I was solving the probablity problem ? In which i faced this calculation.

Please forgive me if my ques is not good ? I am still a beginner.I know that pasting code here is not considered good . But I am not able to understand some part in solution after trying it whole day Please help me . I am going to copy whole post here and i will refer in that. where the above calculation is being calculated.So that your time is not wasted. In the perm function you can see that ans is taking as double but we can see that (a!+b!)/a!*b! involves integer calculation (although i have tried unsigned long long but it overflowed)it means we have already lost some data by taking double . moreover we are calculating perm(a)*perm(b) in dfs function which also gives number of ways which also involves integers but again we are multiplying two double values which already gone through precision loss.

Problem Link on leetcode

Problem Link for those who don't have leetcode account

Original Post

First, compute the total number of distinct shuffles.

total = factorial(sum( A[i] | 0 <= i < k )) / (factorial(A[0]) * factorial(A[1]) * ... * factorial(A[k-1])) where factorial(x) is the number of permutations of x different items. For example, factorial(3) = 1 * 2 * 3 = 6.

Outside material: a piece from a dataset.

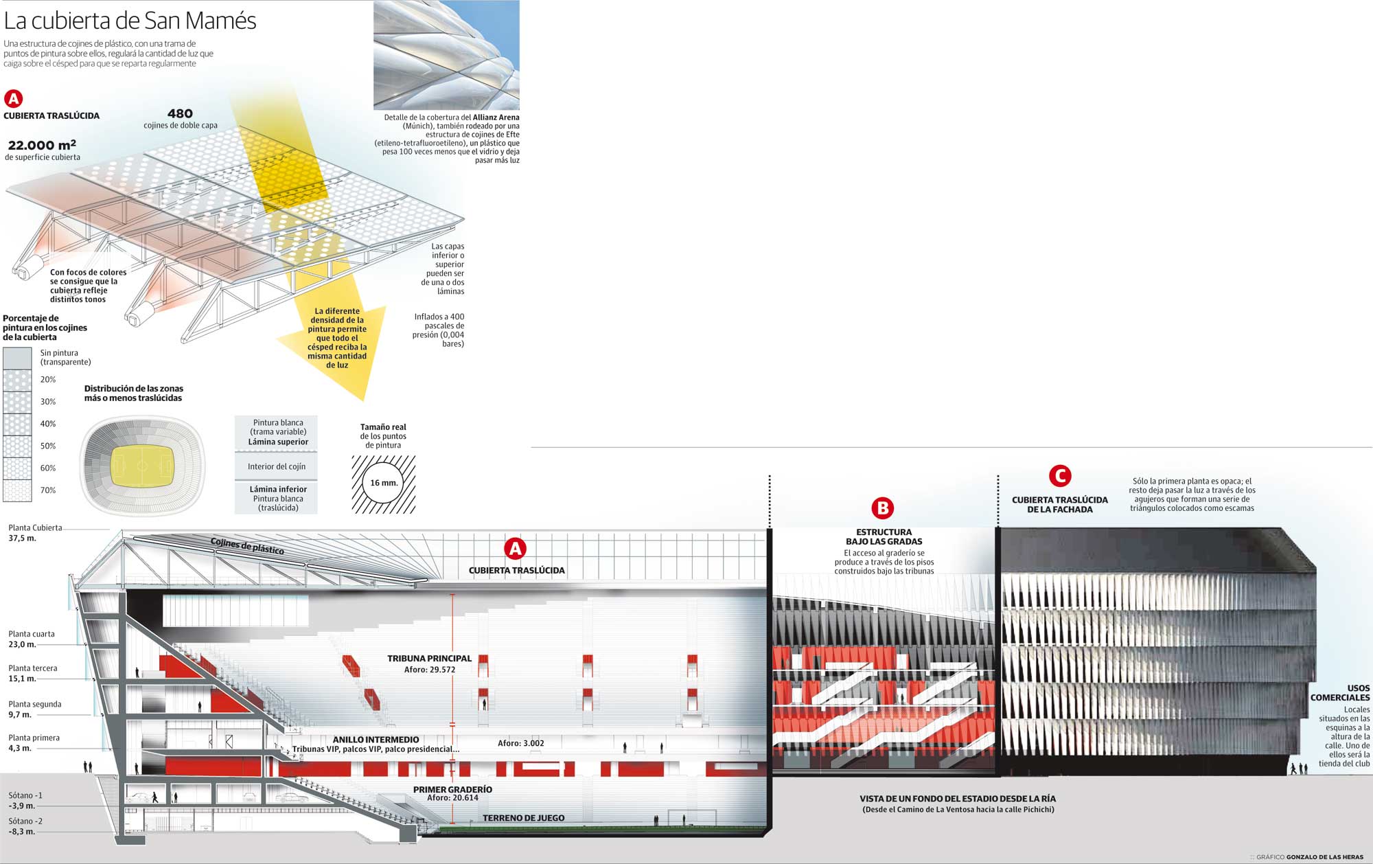 Comme on le voit sur le schéma ci-dessous, la partie manquante (à droite des pointillés rouge) sera rajoutée à l'été 2013, après destruction de la grande tribune principale de San Mames. Cela permettra d'y ajouter les quelques mètres carrés de terrain manquants et la tribune provisoire.

I denote the right-hand side of the above equation as perm(A) where A is an array of numbers. We'll need it later.

Then we need to compute the count of valid splits. Assume array a and b is a split of A, then:

size(a) == size(b) == size(A) == k For each 0 <= i < k, a[i] + b[i] = A[i] For example, if A = [1, 2, 3], then a = [1, 0, 1], b = [0, 2, 2] is a split of A.

A split is valid if:

Each of them contains half of the balls: sum( a[i] | 0 <= i < k ) == sum( b[i] | 0 <= i < k ) == sum( A[i] | 0 <= i < k ) / 2 They contain equal number of distinct colors: count(a) == count(b) where count(x) is the number of positive numbers in array x. For example, if A = [1, 1, 2], then a = [1, 0, 1], b = [0, 1, 1] is a valid split of A.

So we can use DFS to get different valid splits of A. For each valid split a, b, the count of distinct permutation of the split is perm(a) * perm(b) .

The answer is the sum of perm(a) * perm(b) of all valid splits a, b divided by total.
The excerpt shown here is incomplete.